Fruit of the Loom is a 160 year old underwear maker best known for one thing: plain white briefs. But the brand has always been innovating stylish underwear. It just needed a fashion makeover. And the typical 'TV spot" wasn't going to cut it. So they created PLASTIQUE, a faux high-end line of clear plastic pants that engaged a fashion audience with unique pieces of style, music, and runway content, ultimately proving Fruit of the Loom to be an innovative, relevant brand.
It started with a product demo on TV showing off how the legs of our boxer briefs don't write up. This was brought to life using fruit employees strutting around and clear test pants. Knowing people would react to the transparent pants, it became a launching point for response campaign from Fruit to itself using a faux fashion brand, PLASTIQUE
PLASTIQUE was the brainchild of designer Frank La Rant who fell in love with Fruit's plastic pants and created his own transparent line. It's perhaps the first nontraditional campaign inspired by a traditional ad.
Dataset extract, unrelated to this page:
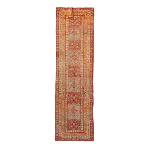 A hand-knotted wool runner unveils its charm with subtle elegance, spanning 3 feet 6 inches by a generous 12 feet. Born from the artisan heart of Turkey, this piece is a testament to the enduring legacy of Turkish rug-making. Its dominant hue—a sumptuous, earthy orange—mingles seamlessly with understated tones of red, beige, and cream, crafting a visually warm palette that invites both the eye and the soul. The choice of wool isn't merely functional; it's transformative. This natural fiber, renowned...
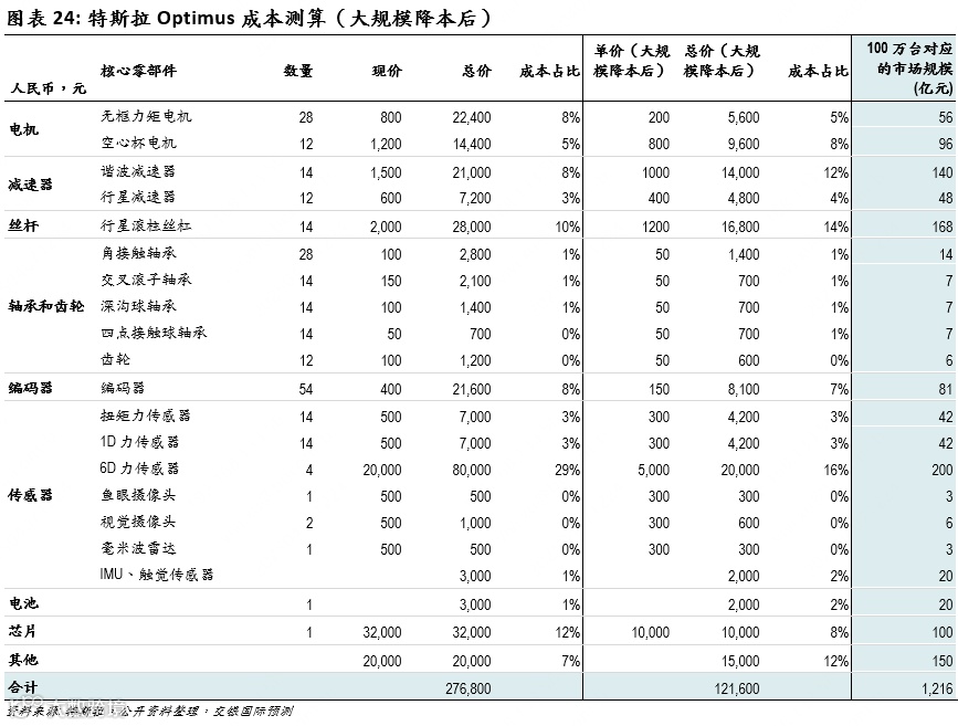我们认为,特斯拉入局人形机器人产业,将复制其在新能源汽车领域对全球产业链的推动作用,加速人形机器人产品的迭代和技术发展,同时带来了显著的降本能力。

The content was designed to engage fashion influencers, the media, and general public interest. With tongue firmly in cheek, PLASTIQUE was as true to fashion convention as possible: A documentary film about the collection, video teasers to the site where you can order the pants and boxer briefs, Lookbook, promoted tweets with fashion influencers, even a rap video featuring an original song and rapper adorned in PLASTIQUE. All while highlighting what was underneath the plastic: Fruit of the Loom's colorful and stylish boxer briefs.
The outcome of our campaign was incredibly successful, driving conversation about both PLASTIQUE and Fruit of the Loom, driving visits to Fruit.com.
For target customers, the campaigned achieved two things: Recognition that Fruit makes stylish, colorful underwear, as well as that Fruit was an innovative, relevant brand.
With over 10 million social impressions and 800,000 video views and counting, it added up to an engagement rate double the category average for promoted posts.
Within one week of PR launch, we had secured 13 unique media placements, totaling over 37 million impressions.
Over half of visits to Fruit.com lead to views of men's underwear pages with a 484% increase of men's underwear page views year over year from March to April.